Two psychiatrists, two federally qualified health centers (including one that’s part of a housing nonprofit serving the homeless and AIDS patients) and a behavioral health practice are the latest HIPAA covered entities (CEs) to feel the wrath of the HHS Office for Civil Rights (OCR) for allegedly failing to provide patients or parents access to records in a timely manner. Payments from the five collectively total $136,500.
While four of these are among the smallest and least resource-rich of CEs nationwide, they weren’t the only ones OCR recently singled out for enforcement. The five were announced together Sept. 15, but later in the month OCR issued three more settlements—stemming from hacking-related breaches—and each of them was for more than $1 million (see related stories).,
OCR is now up to seven settlements related to thwarted access to medical records—it had two last year—and it isn’t done yet, RPP has learned. In a phone interview on Oct. 1, OCR Director Roger Severino told RPP that two more settlements over access are in the works, which he predicted would be out in “days instead of weeks.”
In response to RPP’s question as to why CEs aren’t complying, Severino said he thought this was, “in part, because they haven’t been made aware that there are actually consequences, but now they’re being made aware. That’s part of the message being sent through our enforcement initiatives. There have been plenty of warnings. There’s been plenty of education, and now it’s time to do enforcement to help induce compliance.”
Severino added that “it’s not the practice’s decision to make whether or not [the request] is important enough for them to ever get around to it. If it’s important to the patient, it should be important to the provider, as well.”
Asked why more settlements were necessary, Severino said OCR officials “don’t set a numerical target and say, ‘We’re done.’ What we do is, we enforce until we see a change that’s palpable in compliance, and hopefully we'll see the number of complaints go down with respect to the right of access. And that will be a very good signal that the industry is coming into greater compliance.”

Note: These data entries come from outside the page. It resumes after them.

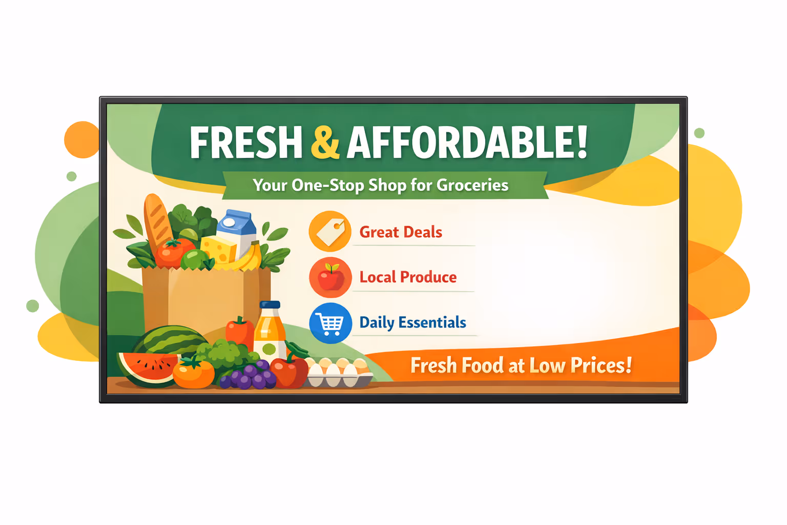 Grocery store digital signage means centrally managed screens that display dynamic content across grocery environments. Instead of printing, shipping, and replacing paper signage, you publish content to screens from one place and schedule it by store, department, time, or audience.
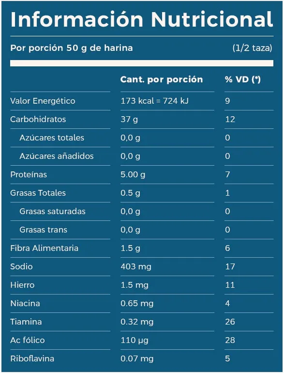 (*) Según Ley N° 25630: Hierro = 30mg/kg, Ácido Fólico = 2,2 mg/kg, Tiamina (B1) = 6,3 mg/kg, Riboflavina (B2) = 1,3 mg/kg, Niacina = 13 mg/kg.
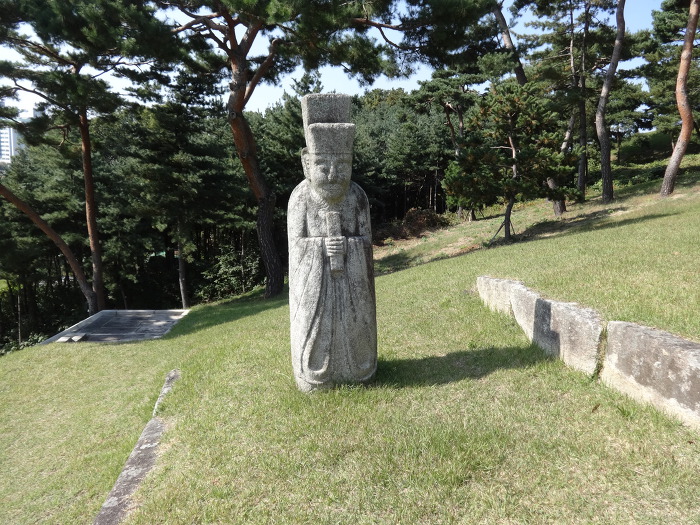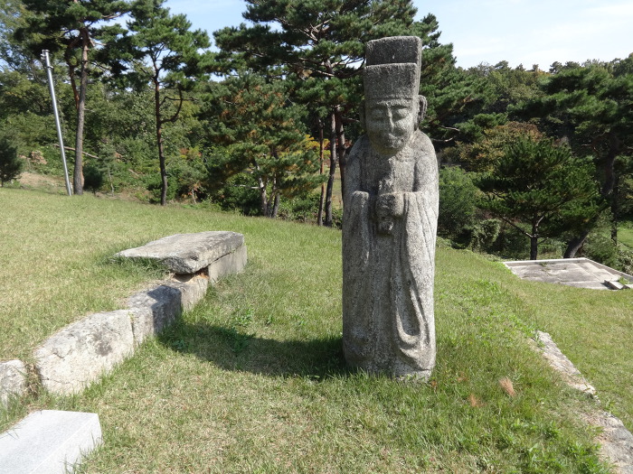 묘소를 수호하기 위해서 세우는 문인석 1쌍이 있다. 한편 묘역 입구의 비각에는 신도비가 안치되어 있다.

OCR, Severino noted, has “historically had a mix” of enforcement actions against a variety of entities. He said that “the obligation is still the same” to provide records access, regardless of the entity’s size. As Severino pointed out, “when it comes to the right of access, it really isn’t all that complicated, as compared to some of the other technical requirements” under HIPAA.
Payments in the access cases range from $3,500 to 20 times that amount. The entities stretch from California to Colorado and New York, and as far south as Virginia; all agreed to either a one- or two-year corrective action plan (CAP) in addition to payments.
It is always worthwhile to review OCR’s enforcement actions in detail to learn how to sidestep the pitfalls that have gotten these CEs and business associates (BAs) in trouble. Agreements were signed over a period of time this year but were all released together. None of the organizations admitted liability. And one, a psychiatrist in Colorado, told RPP he had no knowledge of the record request at issue until OCR contacted him. 
Unlike some of the settlements that commonly relate to breaches and take years to finalize, these stem from fairly recent complaints; one was filed in 2017, and the others are from 2018 and last year. Only one of the four organizations is a repeat offender that was first offered help to comply by OCR. All of the others were subject to a settlement agreement for failing to properly handle a solitary request for records.